Le 23 septembre dernier, l’auteur et comédien Patrice Godin a présenté en librairie son nouveau roman, Les Chiens, qui est la suite de sa troisième œuvre littéraire, Sauvage, Baby. Suivant les personnages d’Alexia et de Sam, Les Chiens propose une histoire psychologique sombre où le seul espoir de s’en sortir repose sur la relation humaine, celle des deux protagonistes.

Entretien avec Patrice Godin

D’où viennent tes idées pour écrire un roman?

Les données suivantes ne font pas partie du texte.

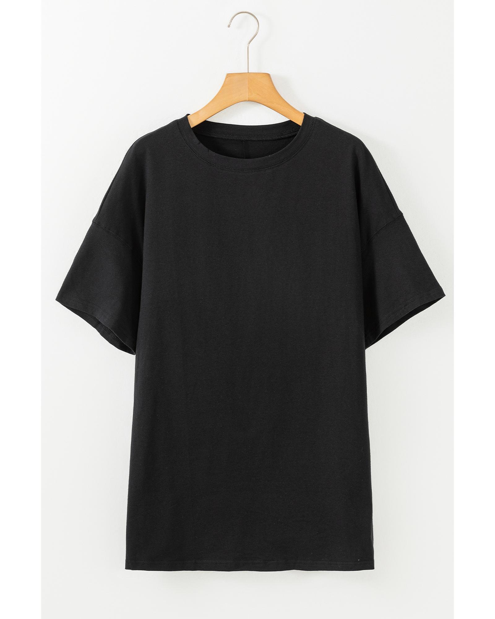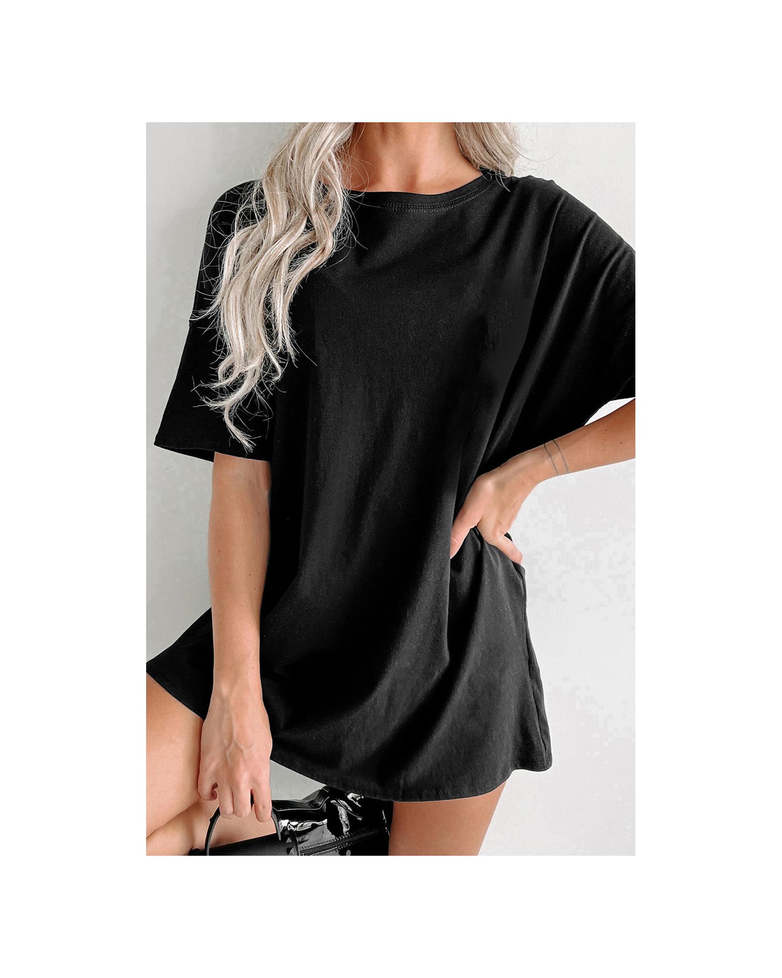 Black Solid Color Round Neck Basic Tunic T Shirt – L
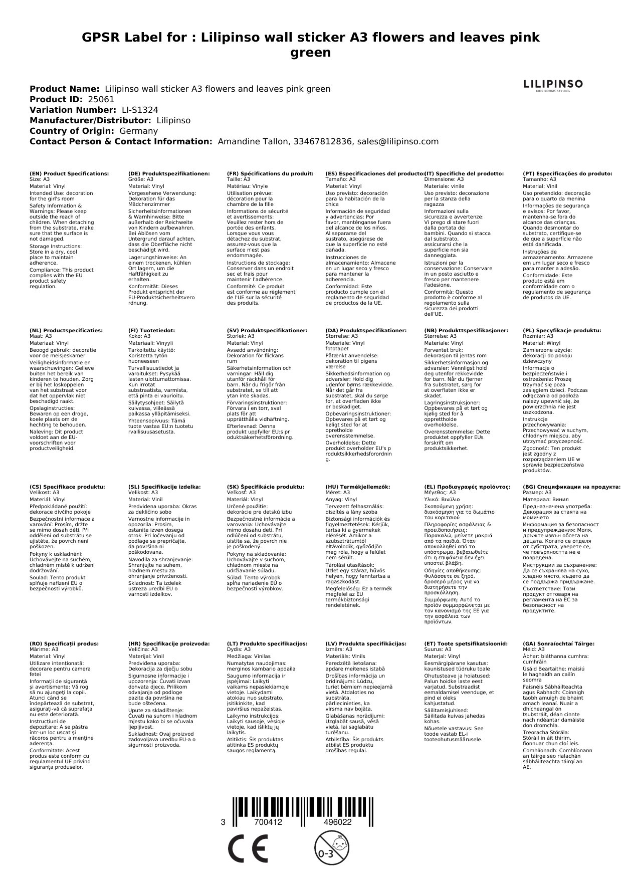 Die Sticker werden für Sie in Frankreich bei Lilipinso bestellt, wenn sie bei uns nicht vorrätig sind. Wir verpacken sie liebevoll für Sie und lassen Sie mittels einer Mail wissen, sobald das Paket unser Lager verlässt.

J’aime les personnages qui sont blessés d’une quelconque façon. Des personnages qui ne sont ni noirs ni blancs et qui sont troublés. C’est probablement parce que je suis un acteur et que je suis habitué de travailler avec des personnages. Souvent, même avant l’histoire, c’est les personnages qui m’intéressent. J’aime en apprendre sur eux – plonger dans leur monde intérieur. Pour l’histoire, j’ai des grandes lignes qui apparaissent. J’ai un début, un milieu et une fin et, à travers ça, je me laisse assez libre pour rejoindre ces petits points-là que je me suis fixé.

Fais-tu des recherches dépendamment des sujets et des thèmes que tu veux aborder?

C’est pas des recherches, c’est des intérêts que j’ai. J’écoute beaucoup de podcasts. J’ai un ami qui est un ancien gars des Forces spéciales et qui est un peu mon repère quand j’ai des petites questions. Je ne suis pas quelqu’un qui va trop tomber dans la technique non plus.

Histoire que ça reste réaliste somme toute?

Oui que ça reste réaliste, mais en même temps, j’écris de la fiction; je n’ai pas la prétention d’être un ancien militaire. Je n’ai pas grandi dans ce milieu-là, je n’ai pas vécu ça. J’écris de la fiction, mais faut que ce soit plausible aussi.

As-tu fait des études en littérature pour réussir à jouer avec la structure narrative dans tes livres?

Non, je n’ai pas de cours d’écriture. L’écriture était ma deuxième option si ça n’avait pas fonctionné en interprétation. Quand je suis rentré à l’école nationale en 1989, j’étais inscrit en littérature. Je pense que c’est l’écriture à la maison – le travail d’écrire pleins d’affaires tout le temps – qui m’a aidé. La lecture aussi. J’ai tout le temps un livre, sinon plusieurs livres d’entamés en même temps. Je lis pleins d’affaires de tout bord tout côté.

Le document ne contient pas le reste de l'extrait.